Probably the latter, not sure about whether it should be '_ or 'static

I'll try and get away with '_. Otherwise the memory provider will need to clone its contents.

If callers need static they can Arc the provider, clone it, and wrap with the call.

The reason to perhaps prefer 'static is python compatibility - apache/arrow-rs#6587

Ok. How about we retreat to:

async fn schema_names(&self) -> Result<Box<dyn Iterator<Item = &str>>>;

with the rationale that real world implementations should be caching results anyways. Note there is once again an implicit '_ bound on the result but since we're returning a future and not a stream it's easily removed if needed.

If there is a case where there are so many tables / schemas / catalogs that caching the full list is too expensive then the planner is probably going to have other problems anyways. I'm guessing the planner is iterating through this list and constructing a hash map it uses to resolve lookups and so the thing is going to get cached one way or another.
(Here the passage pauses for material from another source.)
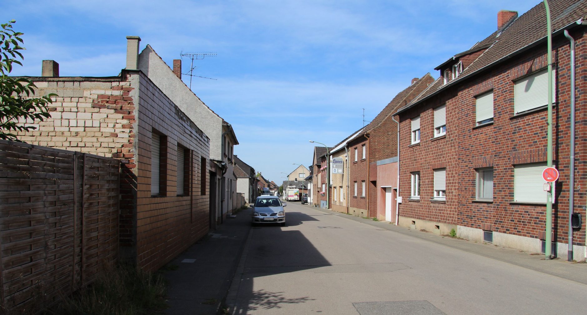 One of the villages that will disappear soon is Morschenich-Alt (old Morschenich). By 2024 the diggers of the Hambach mining district will have reached the old village. Many of its inhabitants have already moved to Morschenich-Neu (new Morschenich), where the village has been rebuilt, and other places. The RWE AG, the energy cooperation that executes the mining, reimburses the former inhabitants and reserves building plots for them. Originally Morschenich-Alt had 600 inhabitants. Now there are less than 150 people left. Some of them are refugees. The city council offered them the empty houses as a temporary home. In 2040, after the diggers have excavated all the coal, the hole will be filled with water and turned into Hambacher See (Lake Hambach).

That seems like the worst of both worlds 😅

What is the issue with a static stream, its fairly extensively used in DF?

What is the issue with a static stream, its fairly extensively used in DF?

Just me being foolish. Having now gone full circle on the iterator approach I'm ready to do static stream again 😮‍💨

Ok. I have switched to BoxStream<'static, Result<String>>

tustvold · 2024-11-27T16:01:45Z

datafusion/catalog/src/catalog.rs

        &self,
        name: String,
        catalog: Arc<dyn CatalogProvider>,
    ) -> Option<Arc<dyn CatalogProvider>>;

    /// Retrieves the list of available catalog names
-    fn catalog_names(&self) -> Vec<String>;
+    async fn catalog_names(&self) -> Vec<String>;


This could also be a stream

…ng>>. Add Result to a few APIs

alamb · 2024-12-06T20:31:58Z

I plan to review this PR soon

alamb

Thank you @westonpace -- this is an epic PR.

I personally think this API is a reasonable change , and I think @scsmithr noted that GlareDB forked the DataFusion planner and made it async for the same reason in his CMU talk (see #13525)

I basically have 2 concerns

Potential planning performance impact (I am running the sql planner benchmarks to see if it has a noticable impact on planning performance).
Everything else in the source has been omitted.